Основные положения советских учебников истории отталкивались от "ленинских установок". М. Н. Покровский, "главный историк" первых лет советской власти, в "Русской истории в самом сжатом очерке" описывал Александра II как демагога, который никогда не собирался всерьез реформировать российскую действительность: "Никакой конституции Александр, конечно, давать и не думал, если бы даже Лорис-Меликов серьезно мечтал о чем-нибудь подобном. Но "образованное общество" поймалось на удочку и ждало с разинутым ртом". Покровский также создал образ Александра II как беспощадного выжигателя крамолы: "Стали вешать так, как не вешал и Николай…". Схожие оценки звучали и в учебниках более позднего времени. Так, например, в учебнике сталинской эпохи под редакцией профессора А. В. Шестакова читаем: "Царь Александр II, боясь того, что крестьяне восстанут и сами разгромят снизу крепостнические порядки, 19 февраля 1861 года подписал манифест об освобождении крестьян". Этой оценке в хрущевское время вторили М. В. Нечкина и А. В. Фадеев: "Реформа была проведена крепостниками. Поэтому она оставила многочисленные пережитки крепостничества. Главными из них были помещичье землевладение и царское самодержавие". В более позднем учебном пособии И. А. Федосова для 8-го класса формулировки несколько смягчены, но суть осталась прежней: "Самодержавию удалось ликвидировать революционную ситуацию путем отмены крепостного права сверху. На основе проектов дворянских комитетов правительство разработало такую реформу, которая была выгодна прежде всего помещикам. Но в то же время она давала некоторый простор для развития капитализма в стране". На страницах учебников и советской историографии, начиная с 1960-х годов, формировался культ народников - самоотверженных борцов с самодержавным режимом. На фоне этого культа сам Александр II выступал статистом - "деспотом" по определению.

А вот среди наиболее читаемых текстов художественной литературы позднесоветского времени образ Александра II (в отличие от его предшественника и преемника) не имел ярких негативных характеристик.
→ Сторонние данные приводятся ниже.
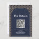 Encontrem seus convidados com este elegante tudo em um convite de casamento islâmico com lindas flores azuis e um lugar intrincado com o Código QR para RSVP on-line. Basta adicionar os detalhes do seu evento sobre este modelo fácil de usar para torná-lo um convite de uma espécie, perfeito para aqueles que seguem o islã e até para pessoas não-muçulmanas. Este belo convite para o casamento apresenta uma bela fotografia de um solteiro de azul real enfeitado A design apresenta um roteiro de caligrafia rico com um longo fazer de cauda encaracolada, moderno e clássico. Uma maneira elegante, sofisticada e chique de convidar seus amigos e família para compartilhar seu dia especial. A parte traseira do cartão tem um código QR para o seu site de casamento e uma breve nota instruindo as pessoas a visitar o site para obter detalhes e RSVP.

Например, у Михаила Булгакова в "Белой гвардии" образ царя динамичен и даже отчасти сатиричен, хоть и создан буквально несколькими штрихами: "Кошю медный Александр II в трепаном чугунном мыле бакенбард, в конном строю, раздраженно косился на художественное произведение Лебiдя-Юрчика и ласково - на лампу царевну". Беллетрист Валентин Пикуль в "Нечистой силе" даже придал царю черты мифического героя: "Александр II, один на один ходивший с рогатиной на медведя, передал Геркулесову силищу и сыну". Особняком стоят произведения Александра Солженицына, которые, хотя и были запрещены цензурой, несомненно, воздействовали на мировосприятие интеллигенции. Так на страницах "В круге первом" Александр II, павший жертвой революционного террора, своеобразным образом связывался с фигурой Сталина, развязавшего борьбу с вымышленными террористами: "И из музея в Ленинграде тоже убрали первую реликвию революции - обломки кареты Александра Второго. С того самого дня Сталин и приказал строить себе в разных местах убежища и квартиры, иногда целые горы прорывать ходами, как на Холодной речке. И, теряя вкус жить в окружении густого города, дошел до этой загородной дачи, до этого низенького ночного кабинета близ дежурной комнаты лейб-охраны".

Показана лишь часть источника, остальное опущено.